Pourquoi la Confédération vend des masques? L’Office fédéral de la santé publique (OFSP) refuse de rendre le port du masque obligatoire arguant que les personnes en bonne santé n’en ont pas besoin. Dès lors, pourquoi l’Etat organise-t-il une distribution d’une telle ampleur: 14 millions de masques devraient être distribués en deux semaines, sur un stock militaire en comptant actuellement 18 millions. La réponse de Yann Hulmann, porte-parole à l’OFSP:

«Dans la mesure où les concepts de protection qui accompagnent l’allégement des mesures prévoient le port du masque dans certaines circonstances, il est important que la population puisse s’en procurer.»

Les réactions. Yannis Papadaniel, responsable santé à la Fédération romande des consommateurs:

«Oui c'est cher par rapport au prix pratiqué avant la crise. Comme pour les gels désinfectants, notre dépendance à des fabricants vers lesquels tout le monde se tourne en même temps rend difficile la négociation pour des tarifs plus bas.»

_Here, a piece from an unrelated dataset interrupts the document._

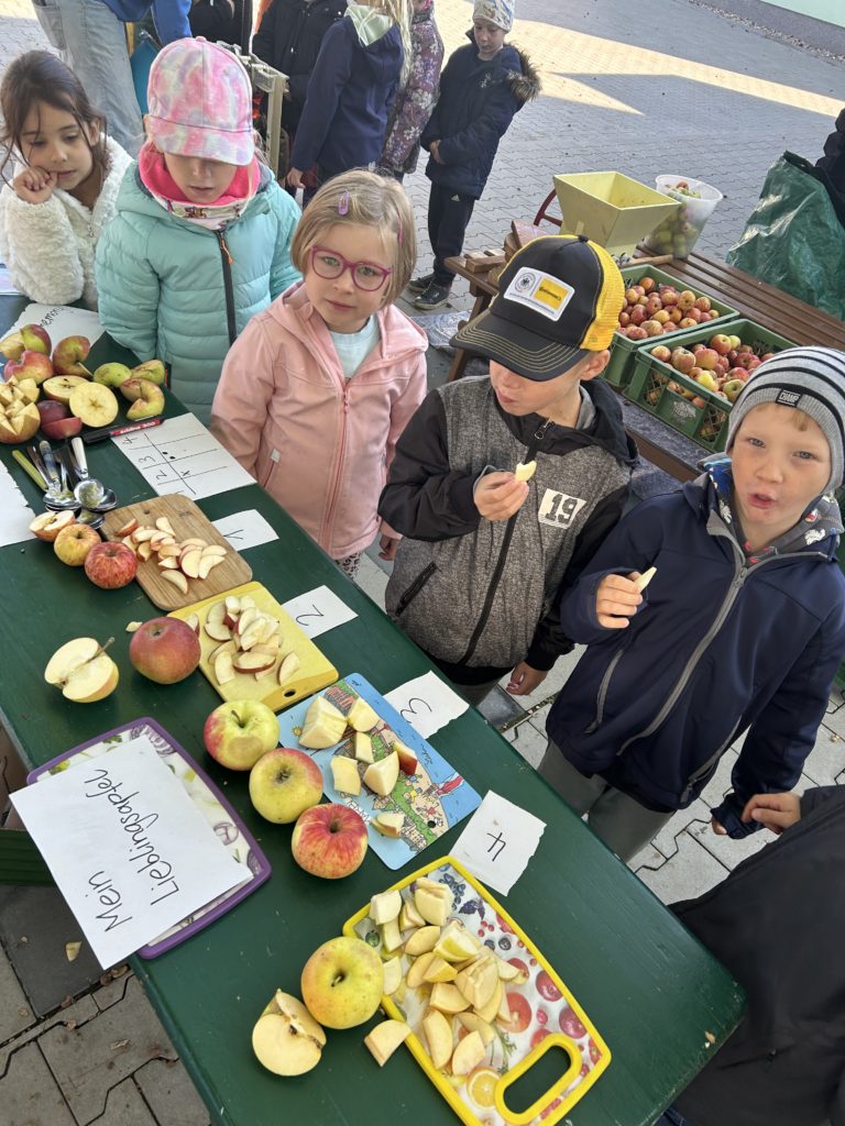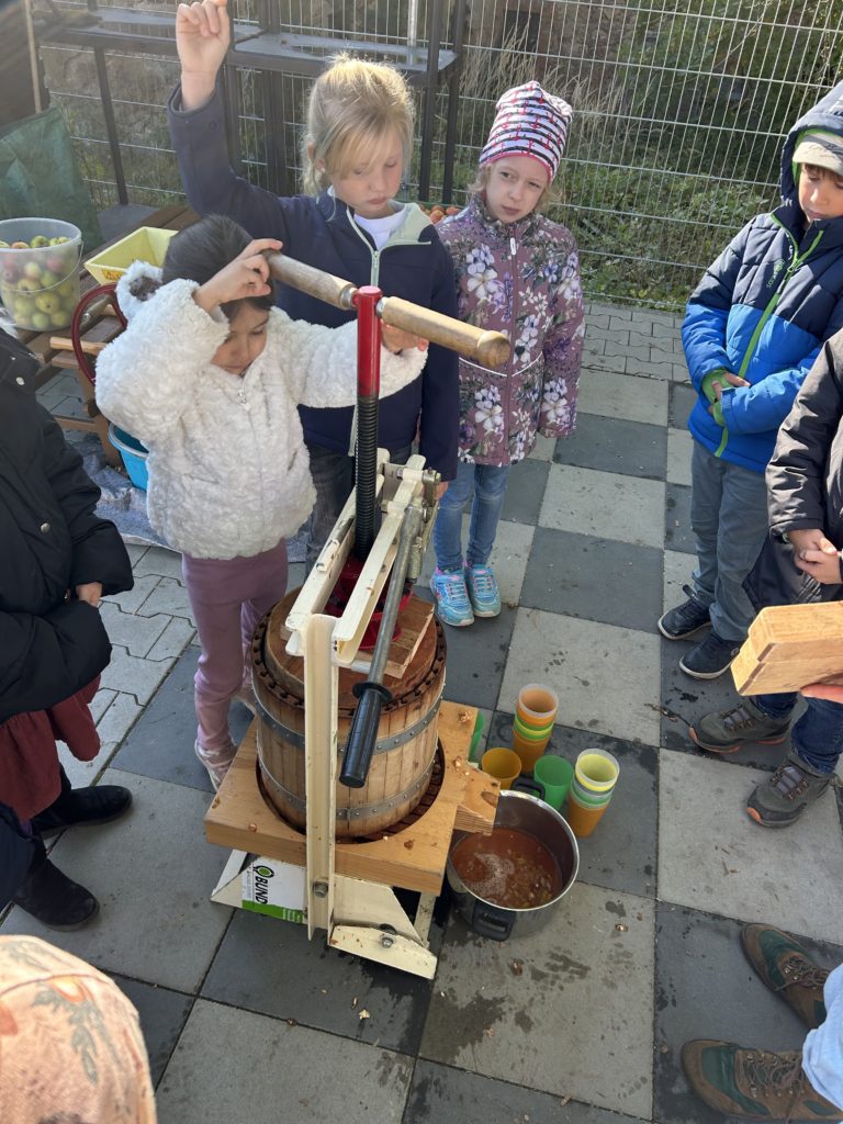 Ein besonderes Erlebnis war das gemeinsame Saftpressen! Viele Eltern brachten frische Äpfel mit in die Schule. Zusammen mit den Kindern wurden sie gewaschen, zerkleinert, gepresst – und natürlich gleich verkostet. Der selbst gemachte Apfelsaft schmeckte herrlich frisch und war ein echtes Highlight der Woche.

Stefan Meiherhans, Surveillant des prix:

«Nous avons effectué une étude de marché et avons constaté que 1 franc le masque représente un prix correct. Oui, c’est bien plus cher qu’avant la crise, mais les prix ont augmenté parce que la demande a explosé et que l’offre ne suit pas. J’ai écris un billet à ce sujet sur mon blog. Le but de ma démarche est de mettre en garde les consommateurs qui pourraient se faire arnaquer.

A la surveillance des prix, nous avons reçu de nombreuses doléances au sujet de prix exagérés. Actuellement, il est important que les vendeurs de masques ne fassent pas un gain indécent sur ces articles. Et plutôt que d’acheter des masques hors de prix, j’invite la population à me signaler ces cas. Je transmettrai les cas avérés d’abus aux autorités de poursuite pénale.»